[DATA PROVIDED Boundary: Start]
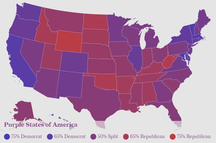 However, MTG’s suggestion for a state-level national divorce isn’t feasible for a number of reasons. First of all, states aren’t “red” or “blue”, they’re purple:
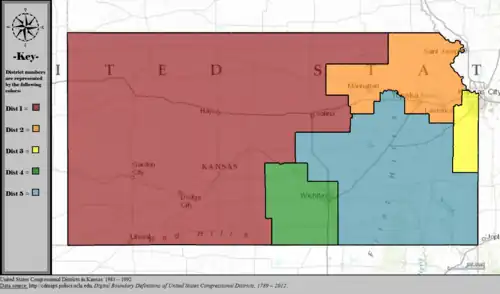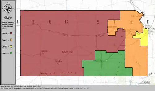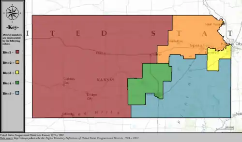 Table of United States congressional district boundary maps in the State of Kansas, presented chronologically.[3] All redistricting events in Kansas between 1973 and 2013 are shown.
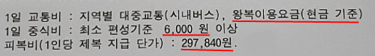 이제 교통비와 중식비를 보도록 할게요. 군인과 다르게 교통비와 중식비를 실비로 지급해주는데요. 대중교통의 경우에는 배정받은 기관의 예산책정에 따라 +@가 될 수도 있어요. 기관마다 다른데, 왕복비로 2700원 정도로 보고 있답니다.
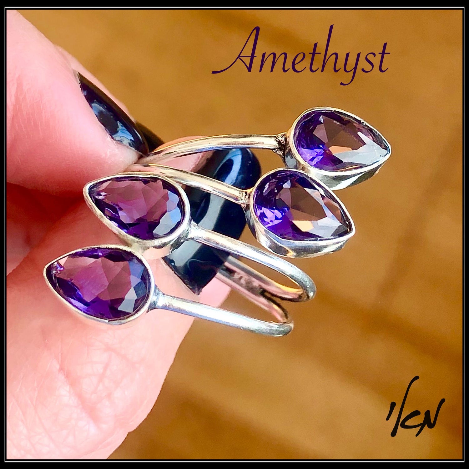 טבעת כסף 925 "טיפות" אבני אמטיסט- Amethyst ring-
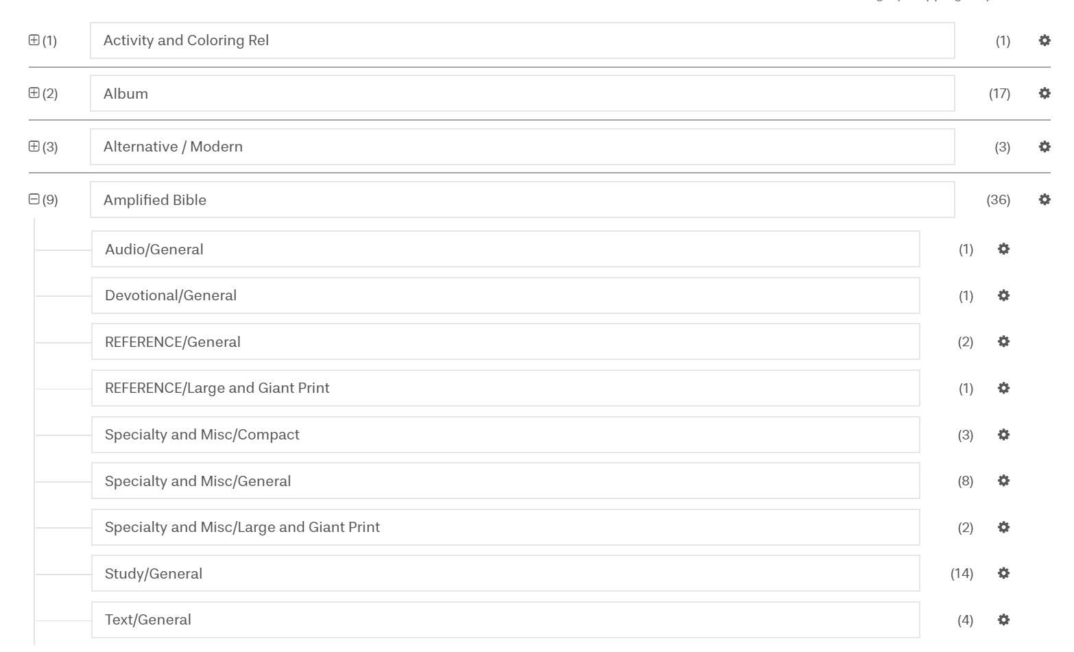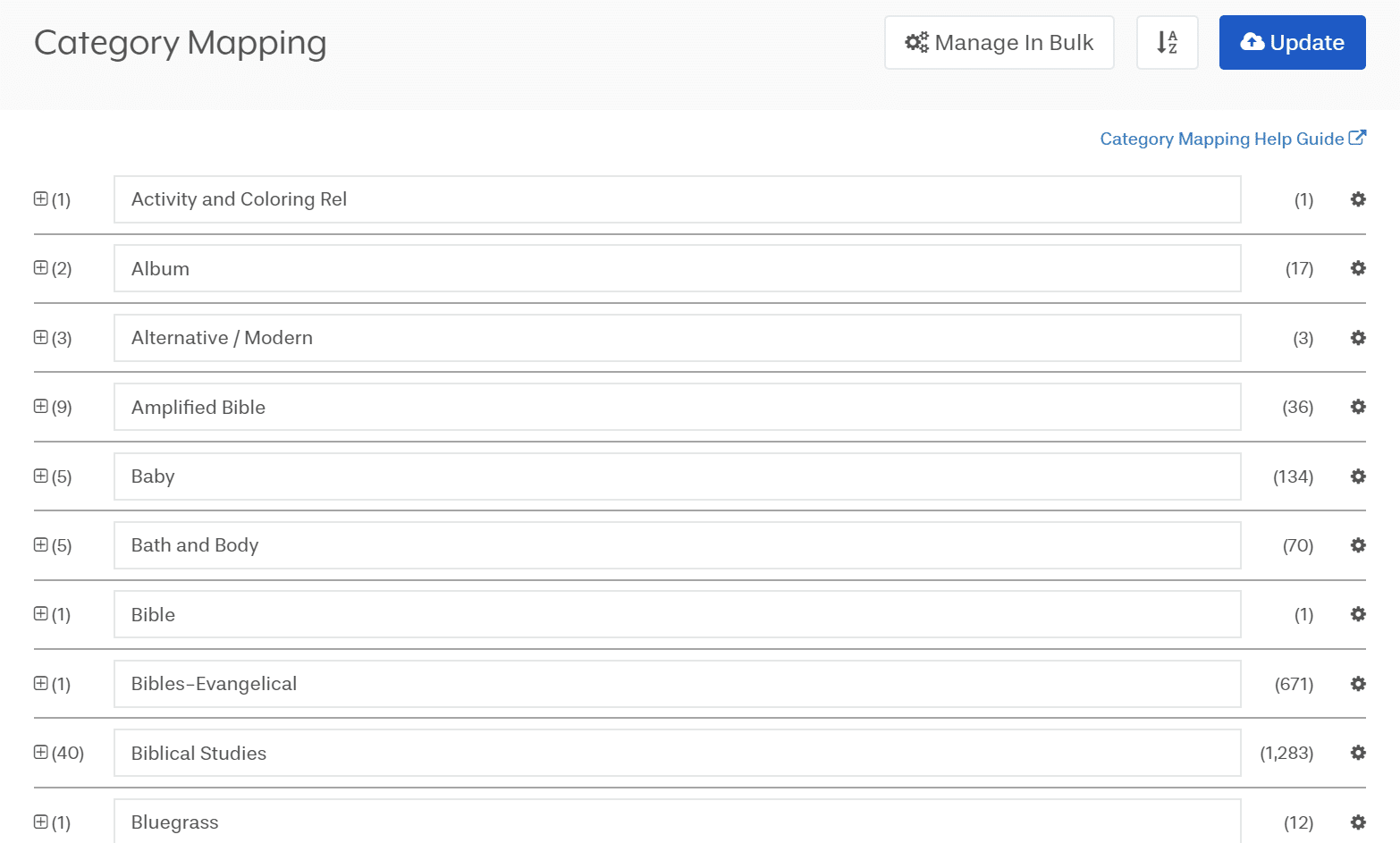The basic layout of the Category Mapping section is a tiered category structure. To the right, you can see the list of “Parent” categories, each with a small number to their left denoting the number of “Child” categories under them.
[DATA PROVIDED Boundary: End]
**DESCRIPTION OF THE TASK**
Drop the pictures and reproduce the rest of the entries above exactly.

**TASK OUTPUT**
 However, MTG’s suggestion for a state-level national divorce isn’t feasible for a number of reasons. First of all, states aren’t “red” or “blue”, they’re purple:
 Table of United States congressional district boundary maps in the State of Kansas, presented chronologically.[3] All redistricting events in Kansas between 1973 and 2013 are shown.
 이제 교통비와 중식비를 보도록 할게요. 군인과 다르게 교통비와 중식비를 실비로 지급해주는데요. 대중교통의 경우에는 배정받은 기관의 예산책정에 따라 +@가 될 수도 있어요. 기관마다 다른데, 왕복비로 2700원 정도로 보고 있답니다.
 טבעת כסף 925 "טיפות" אבני אמטיסט- Amethyst ring-
The basic layout of the Category Mapping section is a tiered category structure. To the right, you can see the list of “Parent” categories, each with a small number to their left denoting the number of “Child” categories under them.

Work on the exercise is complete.